Sometimes, beautiful images are not enough to attract customers. Whether a product is sensible is more important. “Imagine that there are two items. One is beautiful, another one is both beautiful and sensible. Which one will you choose?” asked Wu. Thus, O-Moon has launched products like brollies, portable chargers and cushions that can turn into blankets, in addition to souvenirs like postcards and key rings. Once a customer complained that the ceramic body is too thin and one’s hand would be scalded. O-Moon immediately revised the design, using thicker ceramic body and added a handle to the mug. Ng said that by doing this their products are not only designed for the 30 millions of visitors but also for the locals.

Ng continued that 30% of O-Moon’s customers are locals and 70% are visitors. Among the visitors, half of them are from Hong Kong and the other half are from the Mainland, Taiwan, South Korea and Japan, etc. Rua de Cinco de Outubro is not the most visited area by tourists, therefore rents are not high, unlike the casino areas and the areas near St Paul’s Ruins that the monthly rent can go up to MOP200,000. In addition to the business-to-consumer market, O-Moon has also tapped into the business-to-business market and sells products to various associations and governmental departments.

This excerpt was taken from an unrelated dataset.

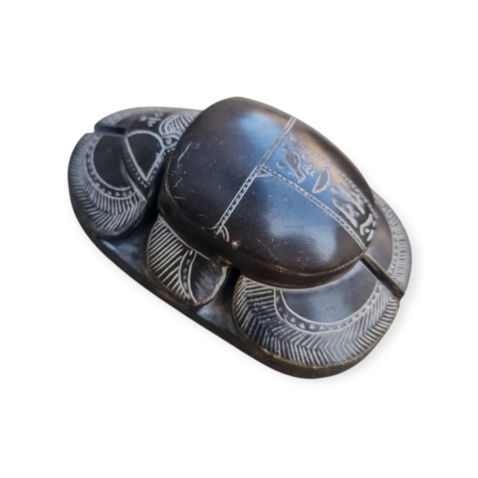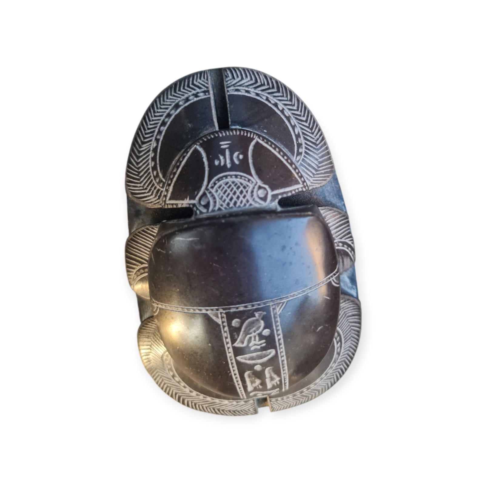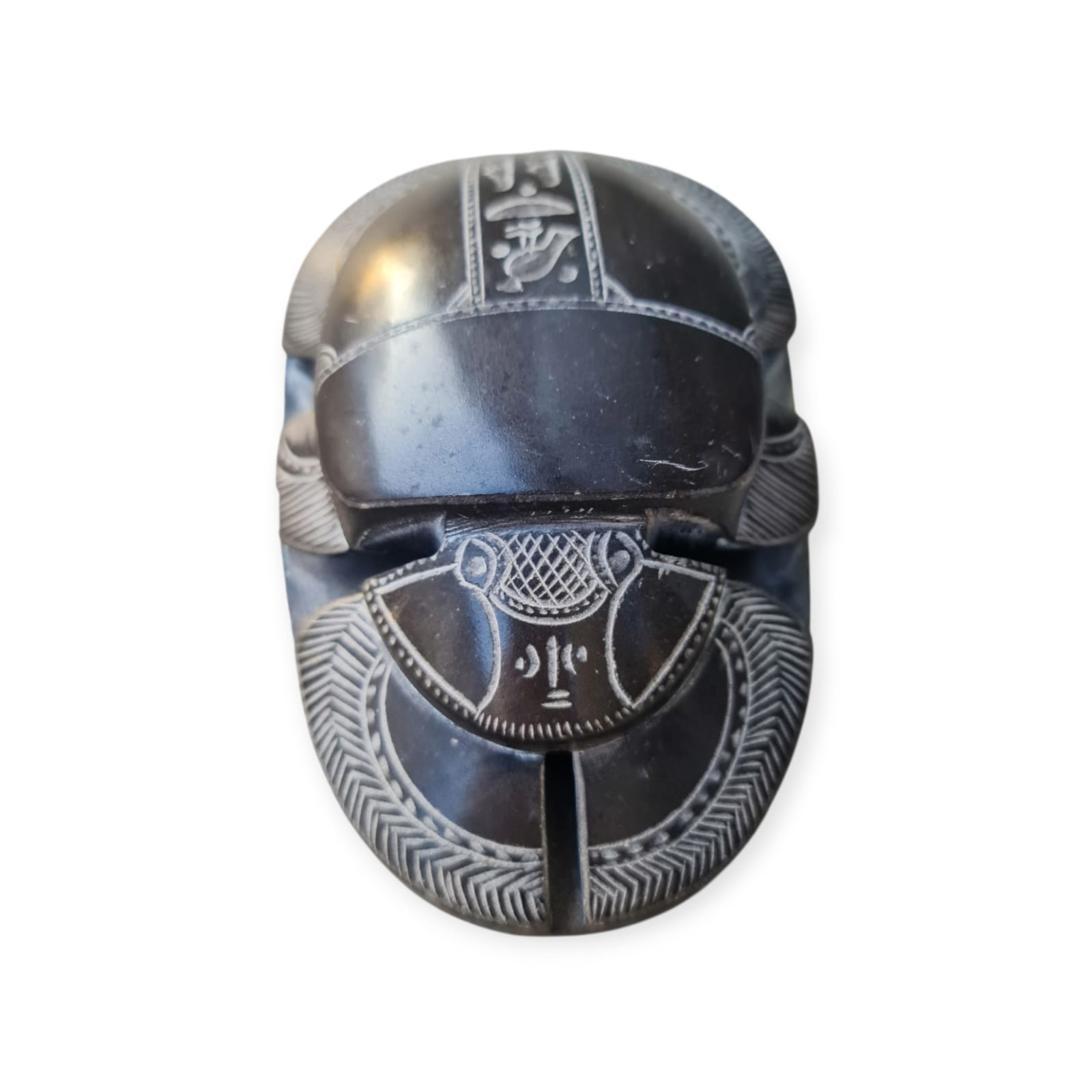 Magnífica representação de um escaravelho ritual egípcio esculpido em pedra escura, com detalhes minuciosos e hieróglifos gravados na base. Esta peça inspira-se nos amuletos simbólicos usados no Antigo Egito, que simbolizavam renascimento, proteção e ligação com os deuses. Os escaravelhos eram frequentemente colocados sobre o coração dos mortos para garantir a passagem segura para a vida após a morte, sendo considerados poderosos talismãs de proteção.

An accessory store has to sell ordinary products like key rings as well. Wu said that such products are favoured by visitors and generate good sales volume. The payback period is short and these products are cash cow that can help pay the rent. Macao is almost inseparable with gaming, so it is necessary to have a product that shows this element. However, visitors from the Mainland will be having trouble when they go through the custom if they buy such products. This explains why so few people are interested in chip-themed products.

O-Moon has various products available. They not only sell products designed by themselves, but also collaborate with bakery shops, photographers, accessory designers, etc. Yet, we believes that there should be more items available in the shop. “The more you offer, the longer a customer is willing to spend time in the shop, and the easier the products are sold.” O-Moon’s investment in refurbishment of the shop and product design has almost reached one million patacas. Even though risks are huge, Wu is very confident about the business and the market. The business pressure is still bearable so far. “No investment, no return.”

“We do not design unique products. We apply our design to products that are already available in the market,” said Wu. “Trends are ever-changing, so our designs have to keep abreast of changes.”

There are not many recognisable cultural icons in Macao and eventually they will be exhausted. O-Moon looks ahead to the future and is now designing a brand new cartoon character as a long-term investment. At present, the design of a set of animal mascots, Black Bear BOBO, is almost finished and is about to be launched via a mobile app. Wu’s plan is to launch a series of animation and comics with a humourous BOBO theme. After attracting enough netizens and getting certain popularity, related products will be launched to secure revenues. He has already tested the market by running a Facebook page called “The Art of Macau” with another artist. Animated short films are made and released there. Among them, the one that made fun of single people on Valentines’ Day has gone viral, secured 350 thousand hit rates.

O-Moon has not only one big plan. Following the trend, Wu is considering buying a 3D printer to make immediately available yet bespoke items.

Looking to the future, Wong hopes that O-Moon eventually can become an iconic brand in Macao. “I hope that visitors to Macao will not only think of buying almond pastries. I hope that they can give our moon some thoughts.”